For three years in the early 90s, Bart Everson was one half of J&B on the Rocks, a weekly television show broadcast on BCAT that was years ahead of its time. Bart explains, “We began production with no expectation of success, with hardly a thought for the future. We slapped a camera on a tripod and sat under a bare bulb in a rough-hewn basement, our rambling dialog punctuated by liberal doses of liquor. Each week we recorded a new installment; each week our faces and voices appeared in living rooms around the city, through the miracle (or curse) of cable television. We quickly found the limits of legality, and soon after that we found an audience. The camera came off the tripod, and we escaped from the basement, as the scope of our production and our circle of friends expanded. The streets of Bloomington became our set, and the people of the city became our cast. There was no script, and no budget either.” Twenty-five years ago, on April 18th, 1995, Rox became the first television show anywhere, to be broadcast on the internet. Time magazine was all set to do a cover story and then…well, you’ll have to read the article.
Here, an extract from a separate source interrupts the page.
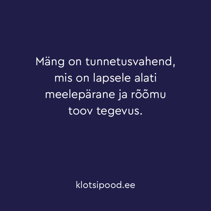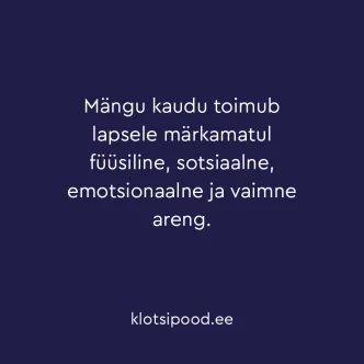 Mäng ei ole lapse jaoks lihtsalt ajaviide – see on tema loomulik viis maailma avastada ja mõista. Läbi mängu kogeb laps rõõmu, saab väljendada oma tundeid ning vabastada sisemisi pingeid. Just mängides areneb laps märkamatult nii füüsiliselt, sotsiaalselt, emotsionaalselt kui ka vaimselt.

The first Earth Day took place 50 years ago, on April 22nd, 1970 and Ryder contributing editor Pennfield Jensen was there. Not only was he there, but he helped to organize it. “Earth Day has become an icon for earth awareness,” Penn writes. “But Earth Day 2020 shows only too well how miserably we, as environmentalists, have failed.”
There’s more in this issue. Mason Cassady writes about Beekeeping in Poland, Charlotte Zietlow discusses the challenges of County Government, WFIU introduces a podcast about Ernie Pyle and West Coast Bureau Chief Jason Vest writes about quarantine-life in a coastal town in northern California. “I am not one to romanticize small-town life,” Jason writes. He does not.